Hello,
When you make the frequency high enough, almost every structure will radiate (except when fully enclosed by a good conductor).
Metallic structures will radiate easier when their size is no longer small compared to the wavelength belonging to the frequency of the source.
In most cases you want to have a predefined radiation pattern, predefined input impedance, radiation efficiency and useful bandwidth. In such cases antenna design becomes important.
To learn how to use the simulator, it is best to start with some simple standard antenna designs (halve wave dipole, rectangular patch antenna, etc). Check whether your simulation results match published data.
To learn how to shape a metallic structure so that it behaves as requested, requires you to study antenna design. In many cases a standard design can be modified to fit your requirements, but you need to know some basics about relation between current in a structure and generated far field. Many antenna structures behave like transmission line sections, so you need to know transmission line theory also.
In narrow band antennas the current distribution is mostly dictated by standing wave behavior (half wave patch antennas, half or full wave dipoles, slot antennas, small loops, etc).
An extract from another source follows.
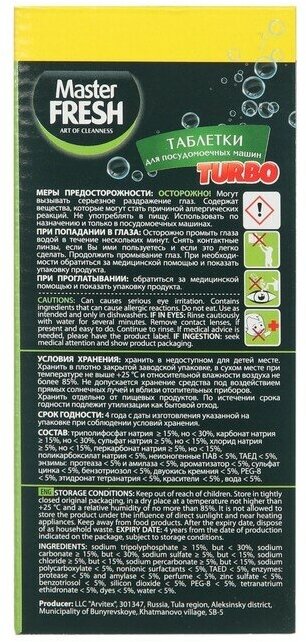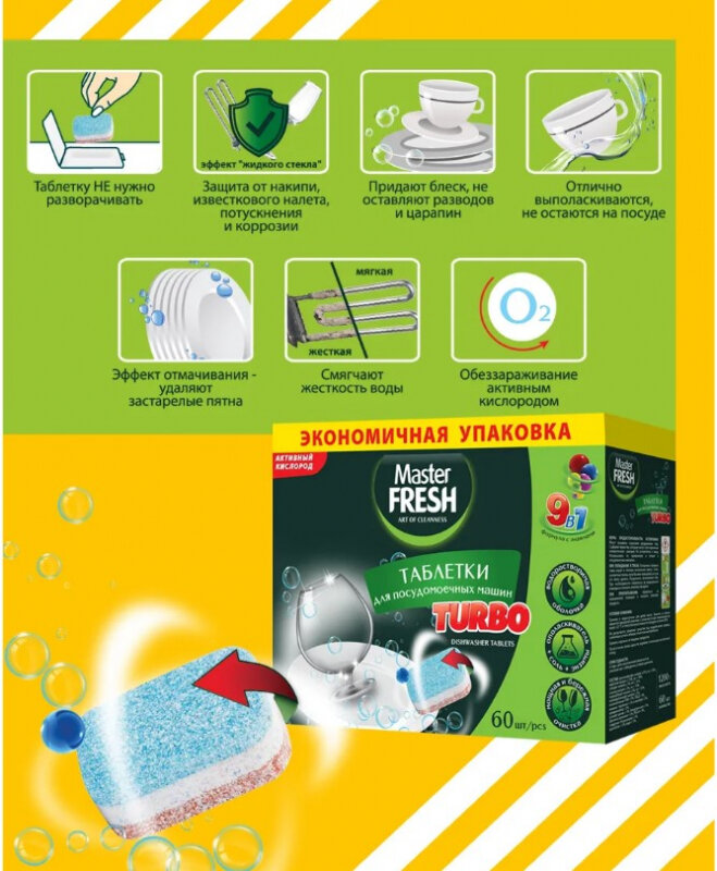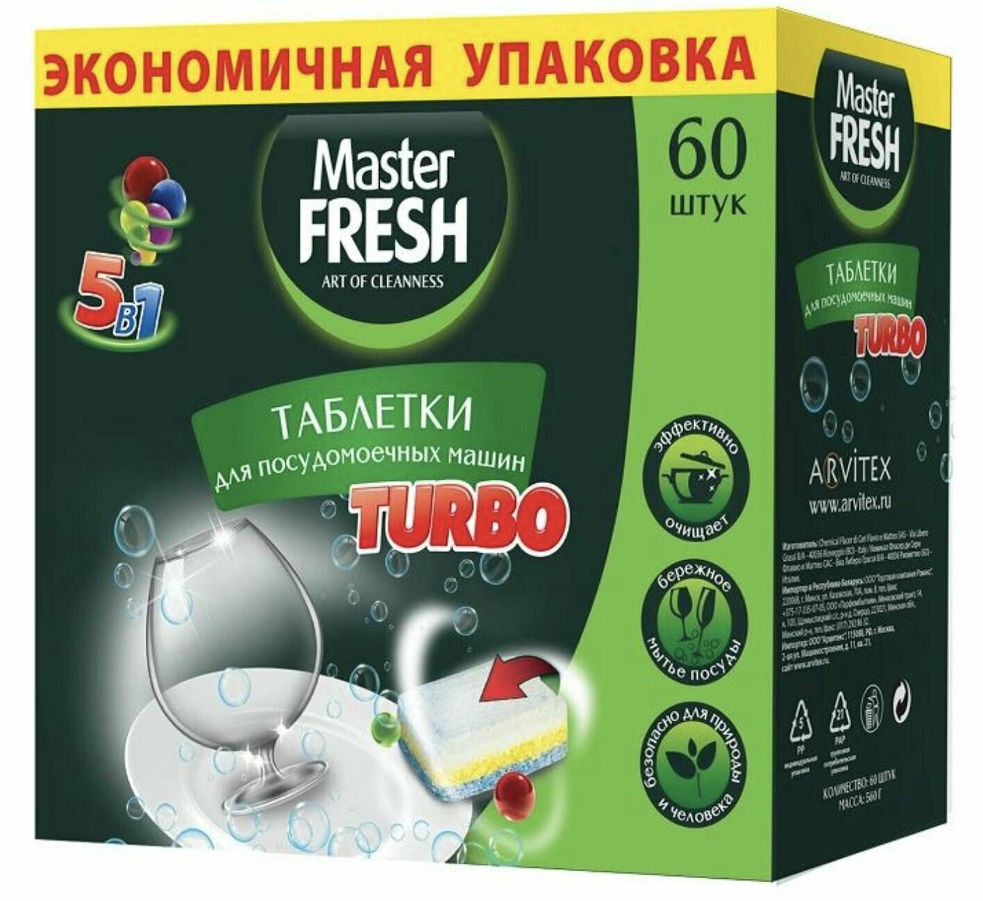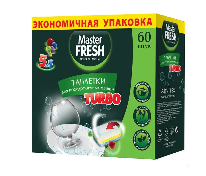 Таблетки для посудомоечных машин Master Fresh Turbo 5в1 60шт Turbo 9-В-1
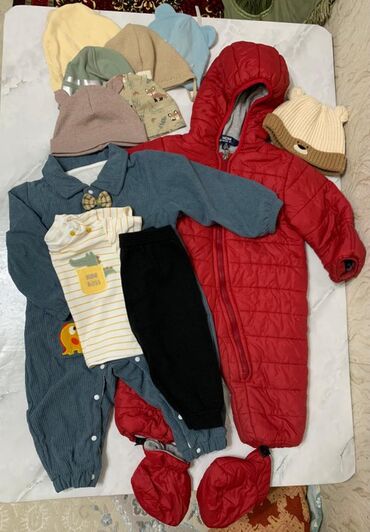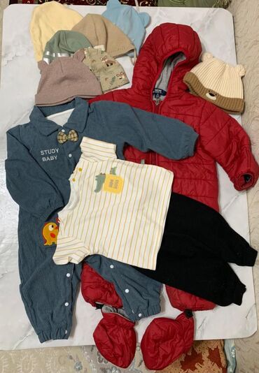 Все за 1000 сом отдам Состояния как новый все брендовый 🇹🇷🇹🇷🇹🇷Комплект детской одежды для мальчика (0–6 мес. ориентировочно): Состав набора: - Тёплый красный утеплённый комбинезон-конверт с капю...

In wide band antennas, traveling wave behavior is dominant (various horn antennas, spiral antennas, flared/curved transmission lines, etc).
The difficult to understand antennas are the ones where multiple resonating structures are used to get wide bandwidth.
When you need a more specific answer, you should provide the community some specific information about what you want (frequency, radiation pattern, production method of antenna, polarization, bandwidth, study or actual design, etc).